-------- Records for this exercise --------

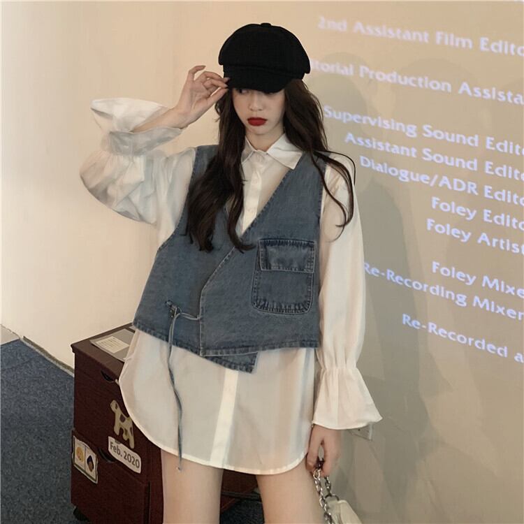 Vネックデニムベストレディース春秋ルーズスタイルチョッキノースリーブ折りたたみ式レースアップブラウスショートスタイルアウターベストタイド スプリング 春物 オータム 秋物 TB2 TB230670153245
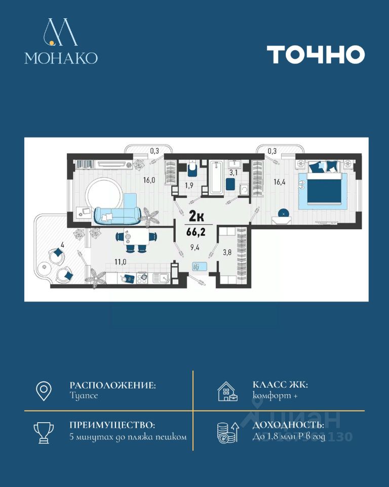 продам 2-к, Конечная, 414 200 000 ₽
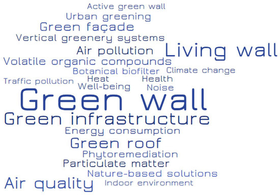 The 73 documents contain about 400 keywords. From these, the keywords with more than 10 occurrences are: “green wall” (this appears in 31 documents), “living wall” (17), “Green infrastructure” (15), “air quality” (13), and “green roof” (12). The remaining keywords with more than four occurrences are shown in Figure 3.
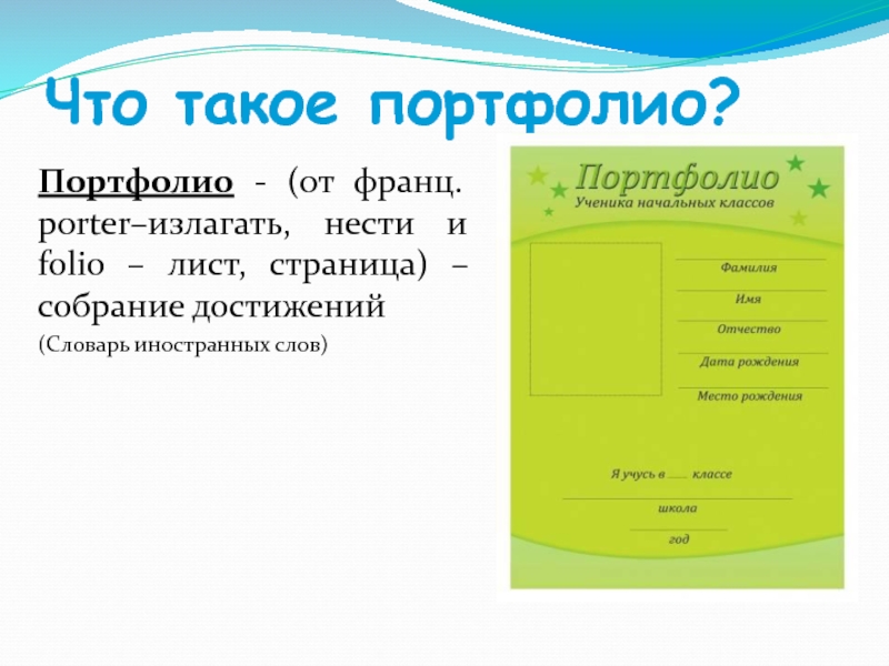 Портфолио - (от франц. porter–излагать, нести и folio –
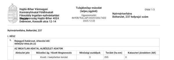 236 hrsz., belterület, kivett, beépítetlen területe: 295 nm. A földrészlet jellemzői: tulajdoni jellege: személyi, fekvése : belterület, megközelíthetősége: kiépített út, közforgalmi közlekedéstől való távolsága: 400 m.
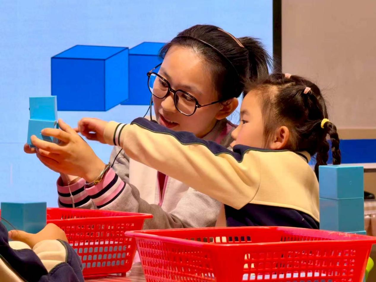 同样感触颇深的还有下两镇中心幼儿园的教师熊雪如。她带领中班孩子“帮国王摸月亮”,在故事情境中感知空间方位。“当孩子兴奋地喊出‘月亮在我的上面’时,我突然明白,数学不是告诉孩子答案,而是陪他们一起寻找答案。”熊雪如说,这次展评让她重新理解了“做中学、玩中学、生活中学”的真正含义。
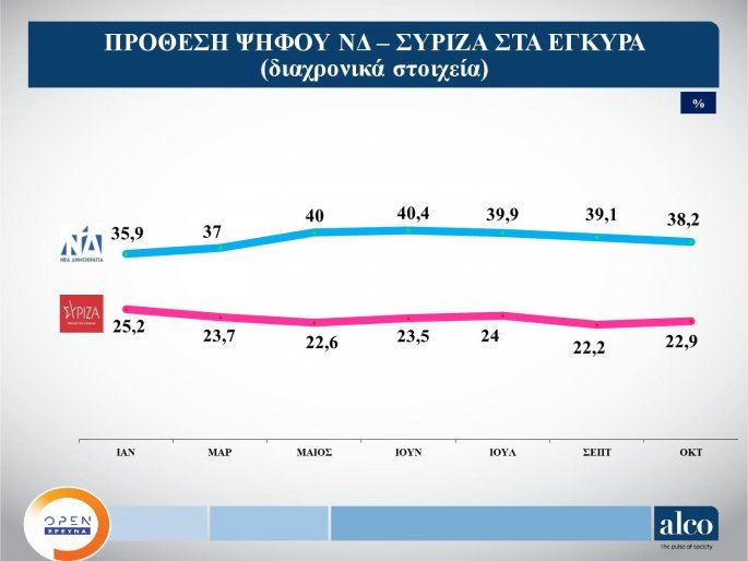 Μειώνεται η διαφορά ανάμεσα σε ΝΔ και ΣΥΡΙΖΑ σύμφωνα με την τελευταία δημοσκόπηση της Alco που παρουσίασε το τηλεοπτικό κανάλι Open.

--------

Only the lines from the first line of the data above through the line with "The 73 documents" should appear in the answer, retyped exactly, with every picture left out.

 Vネックデニムベストレディース春秋ルーズスタイルチョッキノースリーブ折りたたみ式レースアップブラウスショートスタイルアウターベストタイド スプリング 春物 オータム 秋物 TB2 TB230670153245
 продам 2-к, Конечная, 414 200 000 ₽
 The 73 documents contain about 400 keywords. From these, the keywords with more than 10 occurrences are: “green wall” (this appears in 31 documents), “living wall” (17), “Green infrastructure” (15), “air quality” (13), and “green roof” (12). The remaining keywords with more than four occurrences are shown in Figure 3.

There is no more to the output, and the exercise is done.